Getting buy in from Info-sec group to deploy company critical data to the cloud
Fugetron did a quick POC comparing Teradata, memSQl, Snowflake and Redshift to test current features and workloads of the current enterprise environment. Prepared and presented the findings to the client executive team and won an approval to migrate to Amazon Redshift.
A team of experienced data engineers setup Informatica on EC2 instances and prepared the Integration environment.
Facilitated the data migration strategy using Python Script at the same time implemented a data staging environment in Amazon S3.
Built a Data lake in Amazon S3 using implementation best practices employing a raw, cleaned and Prepared data setup file structure.
Used Attunity Replicate to write real time changes directly to the Data lake in S3
Built Python based script framework to process the real time data to staging tables within Redshift
Used Informatica to push down processing to the redshift database layer.
Redshift enabled the Client to size their cluster to current need but still enabled them to scale based on demand.
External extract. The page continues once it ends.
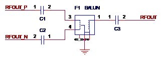方法一,使用平衡器。原本相位相差180°的差分信号经过平衡器(Balun,俗称巴伦),就可以得到合二为一的单端射频信号。如图2-5所示,图中的F1就是一个平衡器,差分信号RFOUT_P和RFOUT_N经过F1得到单端信号RF_OUT。

Migrated all data products in 3 phases ensuring no impact to business and still meeting Licensing and support agreement with old vendor.
Technologies used – Python, Informatica, AWS S3, AWS Ec2, AWS Redshift, Teradata, snowflake, MemSQL.
Team size –1 Architect, 4 Developers, 2 QA Engineers.
Project duration – 6 months
Project Governance – Agile delivery governed by Joint Steering Committee, Daily Scrum, Weekly Status Reports
Delivery model – Hybrid [Onsite/ Offshore]
Results and Benefits:
- Minimizing and eventually eliminating DBA role and on prep file storage costs.
- A custom scalable environment for self serve analytics.
- Faster to market strategy for New projects and data products.